Doğasının zorunlu spekülatifliğine rağmen zaman yolculuğu, Dainton’ın zaman yolculuğunun asimetrik doğasına dair sorduğuna benzer iyi sorular sormaya yönelttiğinden, yararlı bir inceleme alanıdır. Bu soru, en azından bildiklerimizden fazlasını öğrenene kadar statik teorinin zamanın doğasını tümüyle doğru olarak yansıttığına dair bir miktar şüpheyi korumamızı gerektirir.
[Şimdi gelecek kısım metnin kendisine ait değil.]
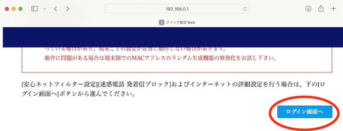 ブラウザで、http://192.168.0.1 にアクセスして自分が設定しlogin

Ancak geçmiş ile gelecek arasında olduğu iddia edilen başka bir asimetri türü, statik teorinin yetersizliğine dair yaygın bir savı izah eder. Olmuş olanın olduğu konusunda anlaşabilmemize karşın, insan özgürlüğü gerçekten alternatif, belirlenmemiş olanaklara açık bir geleceği gerektirir. Statik teori, evrenin (gelecek dahil) zaman çizgisinin herhangi bir parçasında değişikliklere izin vermediğinden özgürlükle uyuşmaz görünür. En nihayetinde özgürsek, statik teori yanlış olmalıdır. Bu eleştiri hattının statik teorinin yanlışlığını düşünmemiz için gerçek bir neden sunup sunmadığı, bir sonraki bölümün konusu.
Adrian Bardon (2018), Zaman Felsefesinin Kısa Tarihi, Çev. Özgür Yalçın, İstanbul: Türkiye İş Bankası Kültür Yayınları, s. 131-143.